● Task objective
Reproduce the data in full, exactly as given, leaving images out.
------------------------------
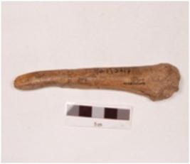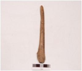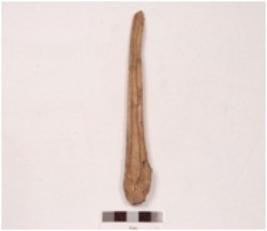| Description / विवरण | An slicer cutter made on charred bone with smooth and properly polished surface, pointed at one end, it has a wide groove on one side, mended. |
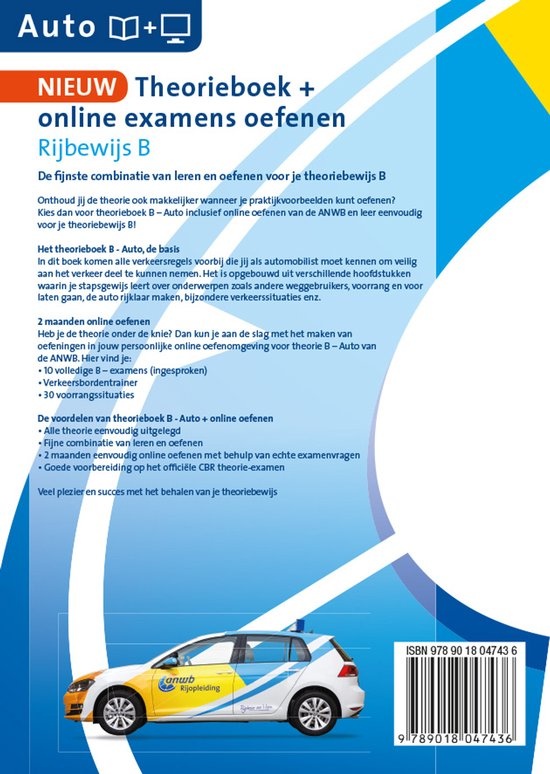 Onthoud jij de theorie ook makkelijker wanneer je praktijkvoorbeelden kunt oefenen? Kies dan voor theorieboek B - Auto inclusief online oefenen van de ANWB en leer eenvoudig voor je theoriebewijs B!
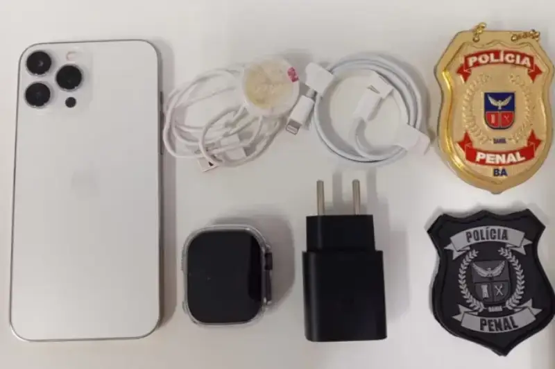 O escâner identificou um iPhone e um cabo de dados escondidos no bolso do fardamento do monitor. Durante uma revista mais detalhada em seu armário, foram encontrados também um relógio digital, um carregador e uma base de carregamento sem fio, todos apreendidos.
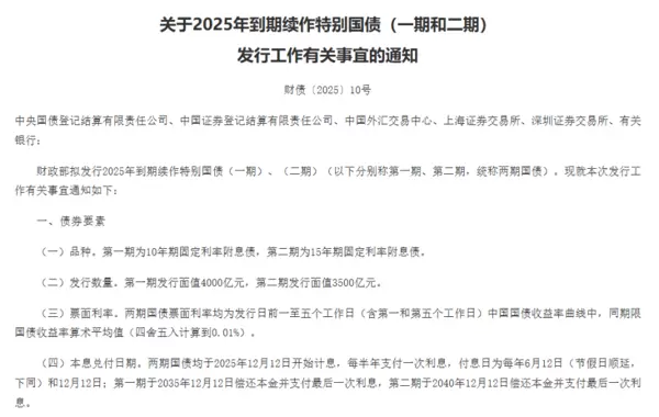 本次计划发行的特别国债分为两期:第一期为10年期,规模4000亿元;第二期为15年期,规模3500亿元。操作方式延续以往多次特别国债续作的惯例,属于原债务的等额滚动发行,所筹资金将专项用于偿还当月到期的本金,与原有资产负债相对应,不计入财政赤字。
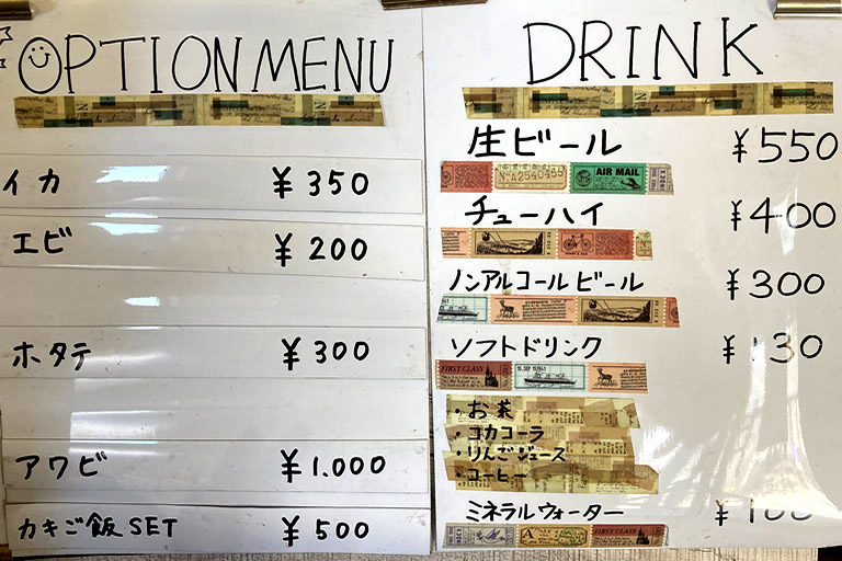 飲み物や牡蠣以外の魚介類も受付で購入できます。
------------------------------
● Result of the exercise
| Description / विवरण | An slicer cutter made on charred bone with smooth and properly polished surface, pointed at one end, it has a wide groove on one side, mended. |
 Onthoud jij de theorie ook makkelijker wanneer je praktijkvoorbeelden kunt oefenen? Kies dan voor theorieboek B - Auto inclusief online oefenen van de ANWB en leer eenvoudig voor je theoriebewijs B!
 O escâner identificou um iPhone e um cabo de dados escondidos no bolso do fardamento do monitor. Durante uma revista mais detalhada em seu armário, foram encontrados também um relógio digital, um carregador e uma base de carregamento sem fio, todos apreendidos.
 本次计划发行的特别国债分为两期:第一期为10年期,规模4000亿元;第二期为15年期,规模3500亿元。操作方式延续以往多次特别国债续作的惯例,属于原债务的等额滚动发行,所筹资金将专项用于偿还当月到期的本金,与原有资产负债相对应,不计入财政赤字。
 飲み物や牡蠣以外の魚介類も受付で購入できます。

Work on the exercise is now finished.